Nagle ktoś wszedł do pokoju.
- Cześć, Kryśka. - Rzuciła Maja, uśmiechając się do niego. - Olo, Szwarc nas wzywa. Natychmiast. - Dodała. Olgierd westchnął ponuro, a chłopak lekko się uśmiechnął.
- Powodzenia. - Rzucił za nimi.
- Dzięki. - Odpowiedzieli, po czym wyszli za sobą. Zostawili uchylone drzwi. Co chwila ktoś wpadał do archiwum, więc nie było sensu ich zamykać.
Krystian oparł się o oparcie i uśmiechnął się, wyciągając telefon.
Aru <3:
Odwiozłeś Amelkę?
:Ja
Tak
A teraz siedzę i się nudzę
Aru <3:
A ja sprzątam <3
O której mamy tą wizytę?
:Ja
O 17.
Aru <3:
Okay. Dzięki, Kotku.
Kocham cię <3
:Ja
Ja ciebie też <3
Krystian uśmiechnął się do siebie i westchnął. Akurat zdąży odebrać Ami i wrócić do domu.

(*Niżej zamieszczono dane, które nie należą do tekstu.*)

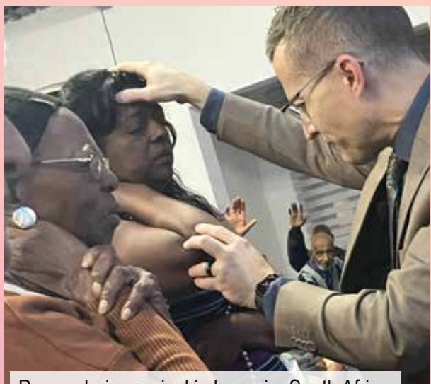
Prayer during revival in Lenasia, South Africa

Greetings from Lenasia, South Africa. We are privileged to

Ktoś stanął przy drzwiach. Chłopak słyszał śmiechy i rozmowy. Pewnie część policjantów miała teraz przerwę. Bawił się swoim telefonem. Włączył nagrywanie, gdyż chciał nagrać swojemu mężczyźnie jakieś słodkie, miłosne wyznanie. Zamiast tego, pojawiło się jednak coś, czego w życiu by się nie spodziewał.
- Słyszałeś, że chcą wprowadzić zakaz tego całego lgb-coś? - Zapytał jakiś rozbawiony głos. Krystian momentalnie zamarł.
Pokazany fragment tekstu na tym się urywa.